Introduction to Single‐Agent and Multi‐Agent Systems - UM-LPM/GIANT GitHub Wiki

Optimization is at the heart of artificial intelligence (AI), allowing agents to make the best possible decisions based on given objectives. In the context of game AI, optimization techniques are essential for creating intelligent, adaptive, and efficient agents.

Depending on the nature of the game and the number of decision-making entities involved, optimization can be classified into two broad categories:

  • Single-Agent Optimization – AI optimizes its own actions to achieve a goal in a static or dynamic environment.
  • Multi-Agent Optimization – Multiple AI agents optimize their actions while interacting with each other in a dynamic environment.

Understanding these concepts is crucial when designing AI for competitive, cooperative, or hybrid game environments.

Agent

An Agent is an autonomous entity capable of observing its environment and making decisions on how to act based on these observations. Its actions impact the environment's state. Agents can be classified from simple to complex types: Passive agents have no goals (e.g., obstacles) and their state does not change, Active agents have simple goals (e.g., animals), and Cognitive agents pursue complex goals (e.g., complex operations).
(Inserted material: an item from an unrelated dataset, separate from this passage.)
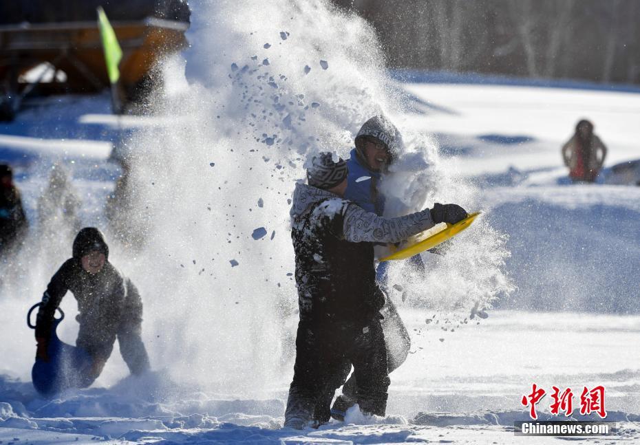 1月1日,新年第一天,地处新疆阿勒泰山深处,被誉为“神的自留地”的禾木村,大批游客聚集于此与当地民众一起泼雪狂欢,迎接新年到来。近日的一场大雪令禾木村的积雪厚度达到50厘米左右,也将大山深处的禾木村装扮的如同“童话世界”,新疆喀纳斯冰雪风情旅游季也正式拉开帷幕。图为游客向当地民俗表演队泼雪,表达祝福。
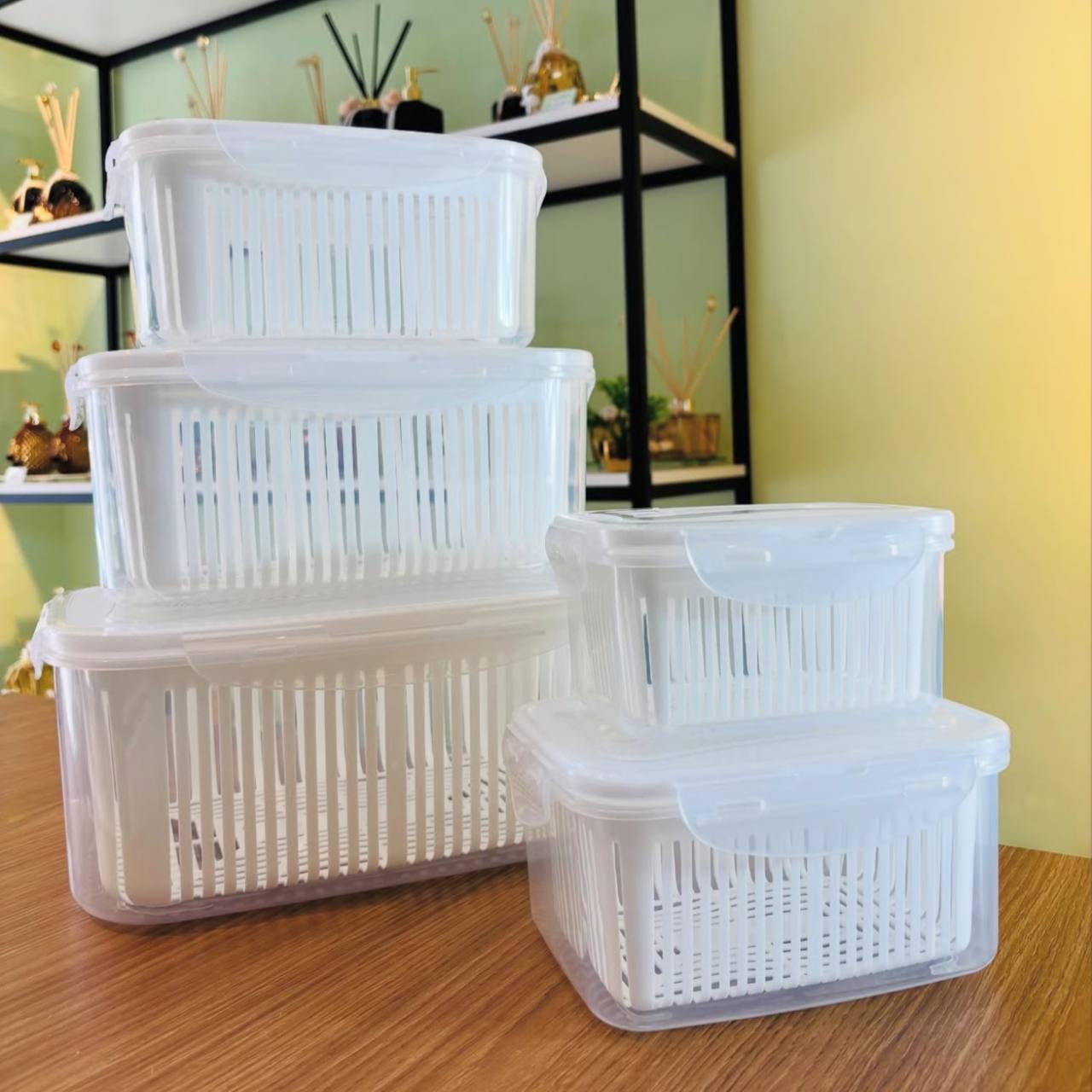 طقم علب ثلاجة بالمصفاة 5 قطع بلاستيك صحي

Key characteristics of an agent include Autonomy, meaning it is at least partially self-sufficient; Local view, as agents do not possess a global perspective; and Decentralization, as agents are not designed to control others.

The environments in which agents operate can be categorized as Virtual, Discrete, or Continuous. Additionally, these environments can be classified based on various criteria, such as:

  • Accessibility, which determines if complete information about the environment can be gathered;
  • Determinism, which refers to whether an action leads to a specific effect;
  • Dynamics, which defines how many entities influence the environment at a given moment;
  • Discreteness, which determines if the number of possible actions is finite;
  • Episodicity, where agent actions in one period may affect subsequent periods;
  • Dimensionality, which relates to whether spatial features are important in decision-making.

Agents can have various types of relations:

  • Collaborating agents work together to complete a task;
  • Negotiating agents collaborate but may negotiate on which actions each will perform if a conflict arises;
  • Controlling agents can take control over another agent.

Several properties distinguish agents from simple controllers:

  • Situatedness refers to the agent’s interaction with the environment using sensors and actuators, where all inputs are a direct result of this interaction.
  • Autonomy is the ability to independently choose actions without external intervention.
  • Inferential capability allows an agent to operate on abstract goals, deriving observations through information generalization.
  • Responsiveness is the ability to quickly perceive the environment’s state and adapt to changes.
  • Pro-activeness enables an agent to take initiative and adapt to changes in a dynamic environment.
  • Social behavior involves the agent’s ability to cooperate with others to achieve a goal, share knowledge, and learn from experiences of other entities.

Agents can be further classified as weak or strong based on their capabilities.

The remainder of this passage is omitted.